The speaker 123 is an electrical transducer. The logic module 121 controls the operation of the speaker 123. The speaker 123 receives an electrical signal from the logic module 121. The speaker 123 converts the received electrical signal into an audible announcement made in the protective space formed by the helmet structure 101.

The microphone 124 is an electrical transducer. The logic module 121 monitors electrical signals generated by the microphone 124. The microphone 124 converts audible sounds detected in the protective space formed by the helmet structure 101 into electrical signals that are subsequently transmitted to the logic module 121. The logic module 121 monitors the electrical signals received from the microphone 124 to recognize any voice commands that are generated within the microphone 124. Upon receipt of a voice command through the microphone 124, the logic module 121 gets the GPS coordinates from the GPS module 122 and announces the GPS coordinates of the GPS module 122 into the protective space formed by the helmet structure 101 through the speaker 123.
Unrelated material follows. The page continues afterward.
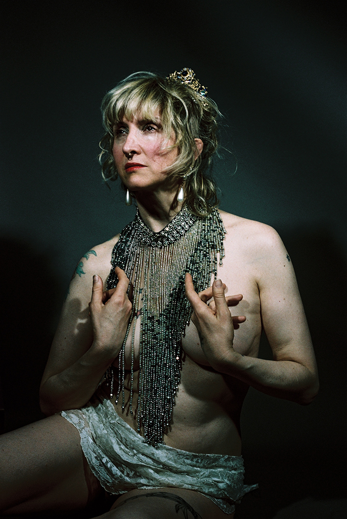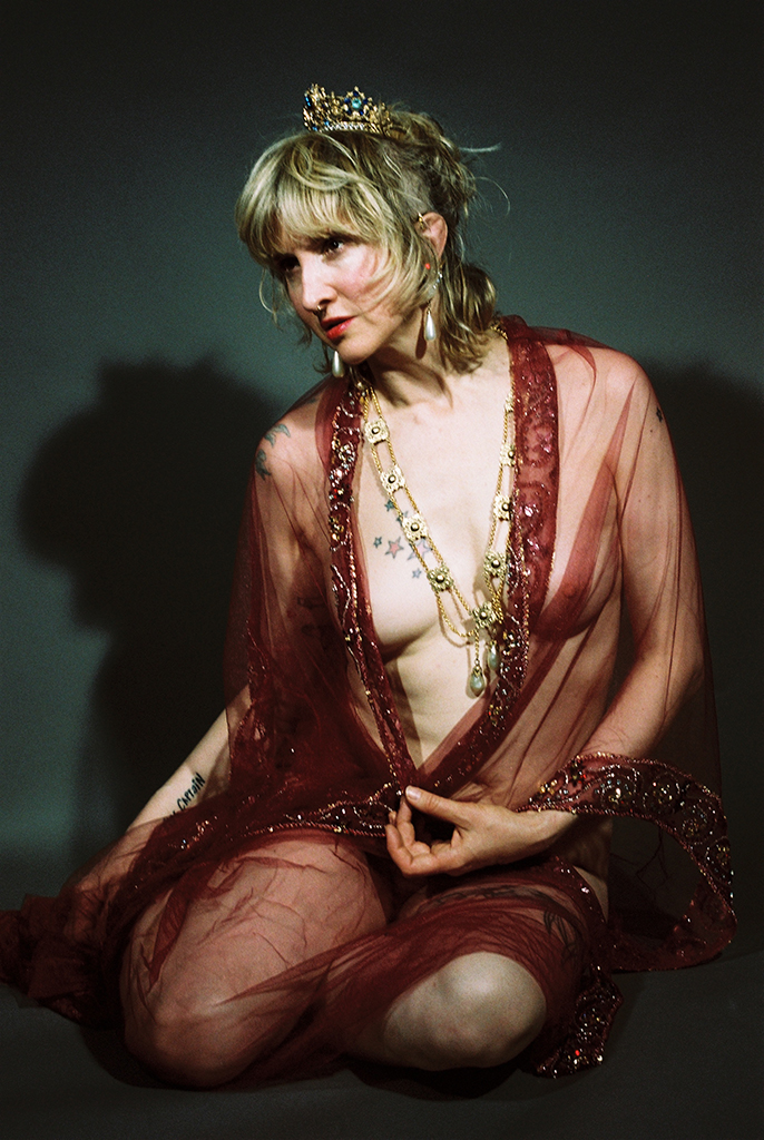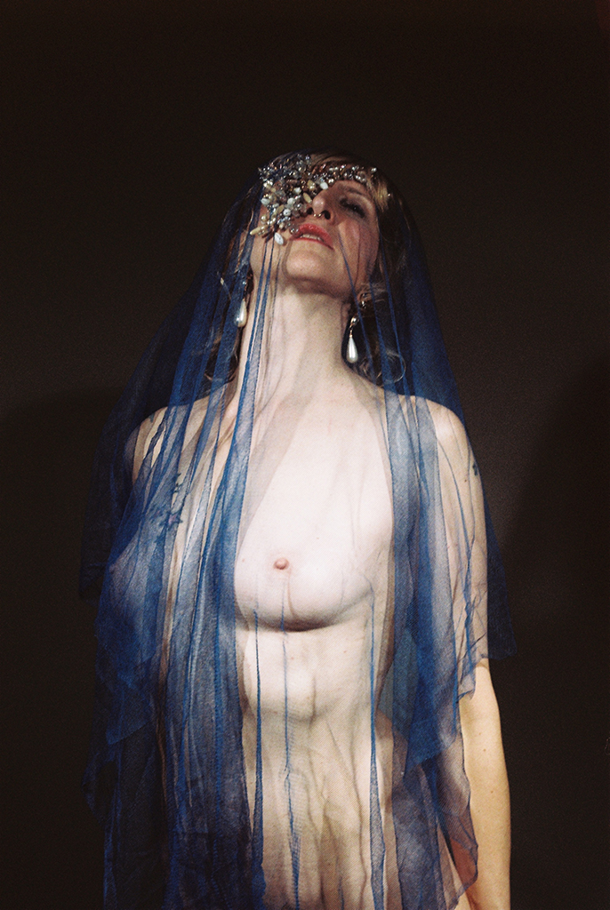 Entre Odalisque et Sylphide, ou déesse, la voilée/dévoilée se pare et se dénude, ornée de bijoux telle une effigie de l’Art nouveau. Désirante, désirable et immaculée.

The speaker 123 and the microphone 124 are well-known and documented electrical devices that are defined elsewhere in this disclosure.

The thermal sensor 125 is an electrical sensor that transmits an electrical signal to the logic module 121. The thermal sensor 125 measures the temperature within the protective space formed by the helmet structure 101. The logic module 121 monitors the electrical signal received from the thermal sensor 125 to determine the temperature in the protective space formed by the helmet structure 101.

The following definitions were used in this disclosure:

Announce: As used in this disclosure, to announce means to generate audible sounds over a transducer.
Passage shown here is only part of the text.